Soylent replaces pb&js, dominos and eating out. Continuing to attempt to overcome my inability to care enough to sink more time into nutrition is the irrational choice. A moving to a product with both a superior nutrition and effort profile seems pretty rational to me.
Few of my co-workers went partially or fully on it, and they all look less healthy. But that's just a small random sample. Idk, who am I to tell them what to eat and that they actually need way more finer to dodge potential colon cancer/other nasty stuff.
There's more to good nutrition than just the ratios of carbs/fats/protein - you also have to think about getting the right amounts of each micronutrient. Once you do, it becomes a lot harder to get a good balance than just mixing 2 or 3 ingredients.
This is because Soylent is making up for deficiencies in its ingredients. They need to add Vitamin D, calcium, and vitamin a palmitate, for instance, because there is no Vitamin A or D or calcium in the canola oil and sunflower oil. These nutrients are already abundantly present in Skyr and cream.
I wonder if the bioavailability is even good in Soylent. I know some of these nutrients are much more bioavailable in animal sources than plant sources (though I can't recall which), so the vegan-friendly label on Soylent is a mark against it, if health is your goal.
Just looking through the nutrition info in the links you gave, there's zero iron and vitamin C in Skyr and cream. Yes you can get those nutrients from other sources, but it's a lot harder than just mixing two ingredients into a drink.

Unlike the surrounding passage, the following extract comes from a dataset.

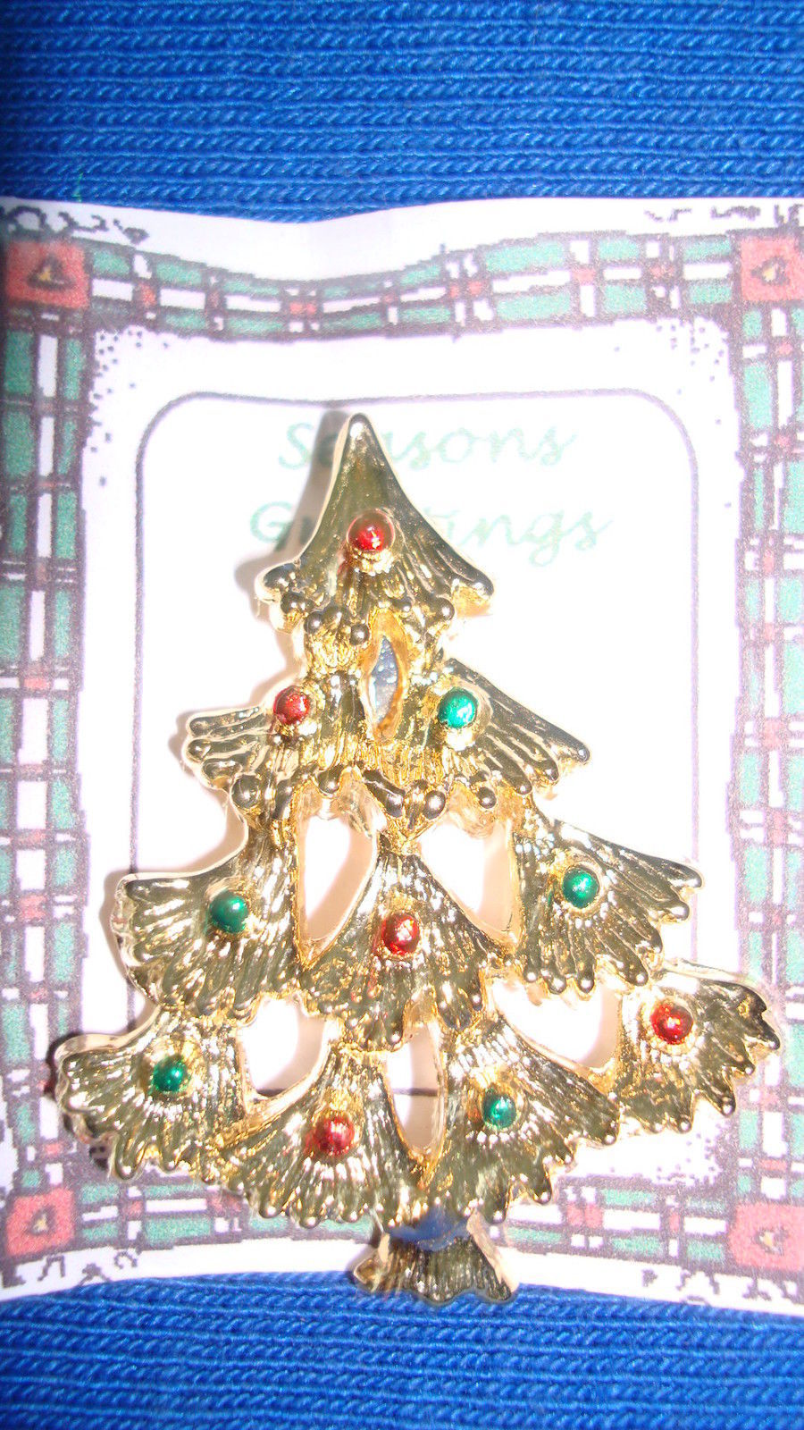 This is a Unique and very pretty Vintage Goldtone Christmas Tree Pin. There are 10 simulated Red Green enamel ornaments. Very unique looking piece of jewelry. No Box.

If you're truly interested in objectively comparing your breakfast's nutritional profile, you can punch in your recipe on http://completefoods.co/. And if you disagree with the nutritional profile, you can customize that too. Please share it!

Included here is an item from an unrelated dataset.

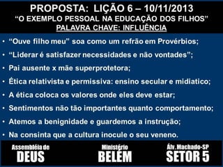 O documento discute o poder e o uso correto das palavras de acordo com a Bíblia. Ele destaca que as palavras podem matar ou vivificar, e enfatiza a importância de usar a língua para adorar a Deus e edificar os outros, evitando a tagarelice e a maledicência.

My breakfast is often Siggi's 4% skyr (thick yogurt): http://siggisdairy.com/product/plain-whole-milk-24oz/
Plus Organic valley heavy cream: https://www.organicvalley.coop/products/cream/
Ususally about 300g + 100g, then sometimes some granola (oats, almonds, sometimes honey), for body.
Soylent is:
* 37g carb
* 21g fats
* 20g protein
What I'm eating is much healthier by my estimation:
* 16g carb
* 49g fats
* 35g protein
(Before granola, which you can use to moderate the carbs if you want.)
It is not hard to mix two things together, sometimes three. If you really want to custom flavor it, buy a jam (I suggest Mymoune rose petal jam, from Lebanon, but there are millions of flavors when you pick your own jam!)

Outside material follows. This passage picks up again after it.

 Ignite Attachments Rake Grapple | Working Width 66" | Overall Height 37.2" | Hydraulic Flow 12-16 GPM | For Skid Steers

What is so good about soylent? Why not just mix skyr and heavy cream if that's the kind of meal you want?
Why eat a strange synthetic meal from a company that has trouble with rats and mold when you could eat a couple simple whole foods? What problem is Soylent solving, exactly?
And aren't you worried about the unfavorable omega 3:6 ratio in this stuff? Just going off the ingredients they list, I can't find any literature they give on the ratio. (If you're not up to speed, the latest: http://openheart.bmj.com/content/openhrt/3/2/e000385.full.pd... )
(Diet Note: I'm 5'10 and 146 lbs male, 12-13% body fat. In my diet I aim for ~60-70% calories from fat, but don't always hit it.)